The valley began to broaden noticeably, hitting a stretch as straight as though a giant had gouged it out with her hand. Cliffs became ridgelines peppered with rock ledges and outcrops, slick with overhanging ferns, brown from lack of rain, crisp moss, and oleander bushes whose white flowers hung like falling water down steep hillside clefts. Farmers had found room to plow fields and plant orchards, and the landscape began to be cut through with fields, clusters of huts, and neatly-kept orchards.
The captain of the vanguard shouted out the alarm, and an instant later a horn rang out. Below, a party ascended along the road to meet them. Banners flew in a stiff spring breeze flowing down off the foothills, gold and white, matched in splendor and number only by the bright pennants and banners of the king’s army. Adelheid’s personal banner bearing the crowned leopard at rest below the royal sun of Aosta flew at the center of a six-pointed constellation of pennants. These pennants bore the sigils of Henry’s rule over the six duchies that made up his realm: Varingia’s stallion, Wayland’s hawk, Avaria’s lion, Fesse’s red eagle, Arconia’s green guivre, and the red dragon of Saony, the duchy out of which his grandfather Arnulf the Elder had taken control of the kingdoms of Wendar and Varre. Behind these paraded the banners of his noble companions, those who had chosen, or been commanded, to accompany his expedition: Duchess Liutgard of Fesse, Helmut Villam, Duke Burchard of Avaria, and a host of other lords and ladies. His army wound back up the valley, lost finally around a bend. Strung out along the road in marching order, it was an impressive sight.
The kin
g’s vanguard formed a protective wall in front of him as Lady Lavinia advanced and, finally, dismounted in order to approach Henry and Adelheid on foot. She looked as if she had aged ten years in the year since Rosvita had last seen her. The line of her mouth was grim, and her hair had gone white.

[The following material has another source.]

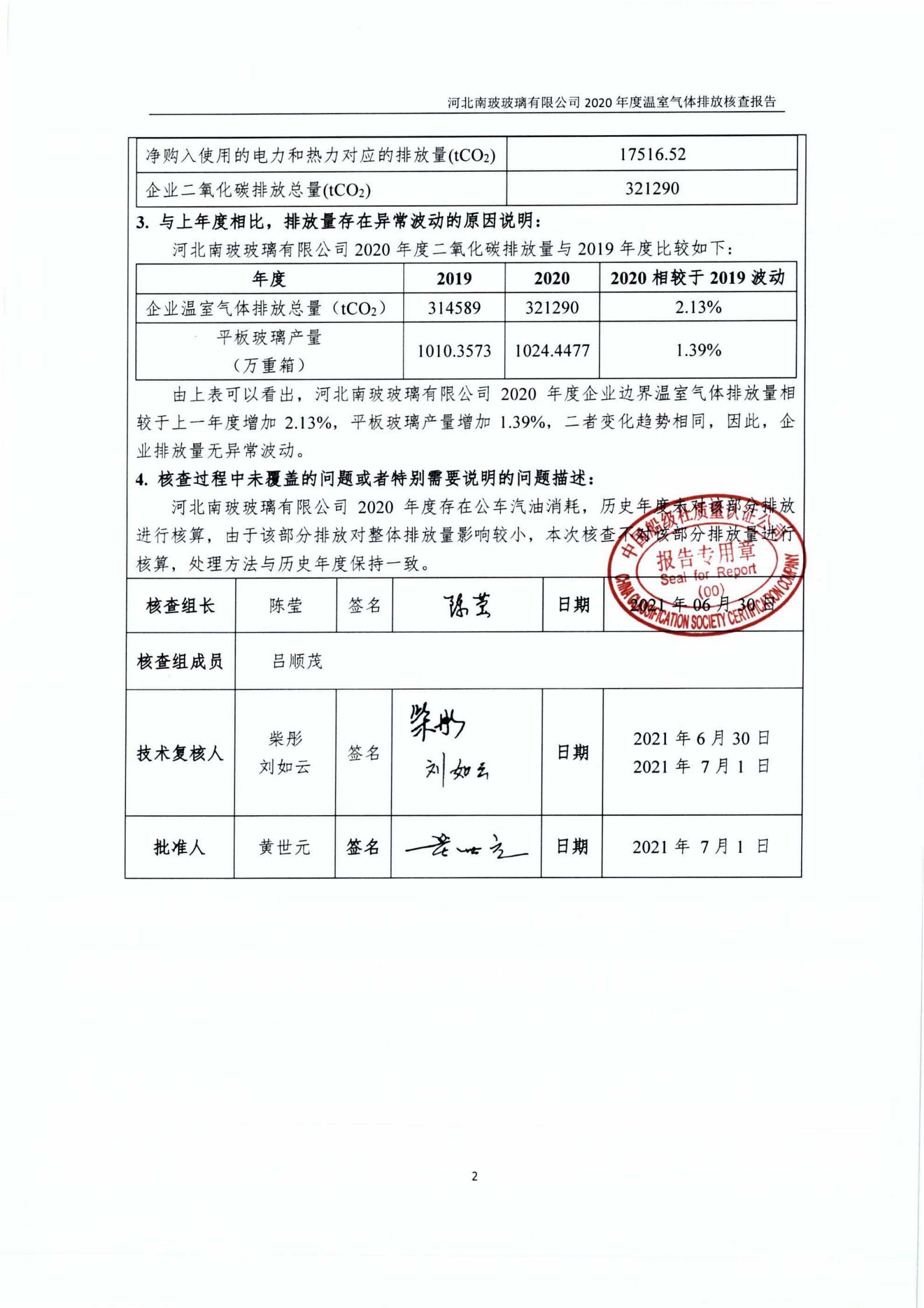 河北尊龙凯时人生就是搏玻璃有限公司2020年温室气体排放核查报告

She knelt in the middle of the road in the dirt, opening her hands in the manner of a supplicant.
“Your Majesties, I pray you, I give myself and all the lands and people I control into your hands. My fighting men are yours to command. You must take what you need from my storehouses, although we are sorely pressed in these days by drought.”
Henry seemed ready to speak, but Adelheid made a slight gesture that drew his attention, and he nodded, giving way to her. With assistance, the young queen dismounted. She walked forward to offer her hand to Lavinia.
“I pray you, Lady, rise. Do not kneel here in the dust. We have come as I promised you last year.” Lavinia took her hand but did not rise. She seemed incapable of speech, caught in some strong emotion that made her lips work silently. The calm, decisive woman who had aided Adelheid last spring had vanished. “What ails you, Lady?” continued Adelheid gently. “You are much changed.”
Lavinia’s voice was coarse with fury. “You know that Ironhead took my daughter to Darre to serve as a hostage for my good behavior. Now he has taken her against her will as his concubine. She is only thirteen. I will have revenge for the insult given to my family.”
“So you will.” It was always odd to hear such a steely voice emanate from that sweet, pretty face, but Adelheid had been raised in a hard school and had survived a forced marriage, a siege, Ironhead’s pursuit of her, and an escape managed only with the aid of forbidden magic.
“She is not the only daughter of a noble house used in such an ignoble fashion,” continued Lavinia. “Others have come to Novomo, hearing of your approach. We beg you to let us support you. Ironhead has brought dishonor to our families. Yet we brought the shame upon ourselves by not rising against him when he pursued you, Your Majesty. You see that we are repaid by God for our sins, for there was not enough rain this past winter. I fear there will be famine if no rain falls soon.”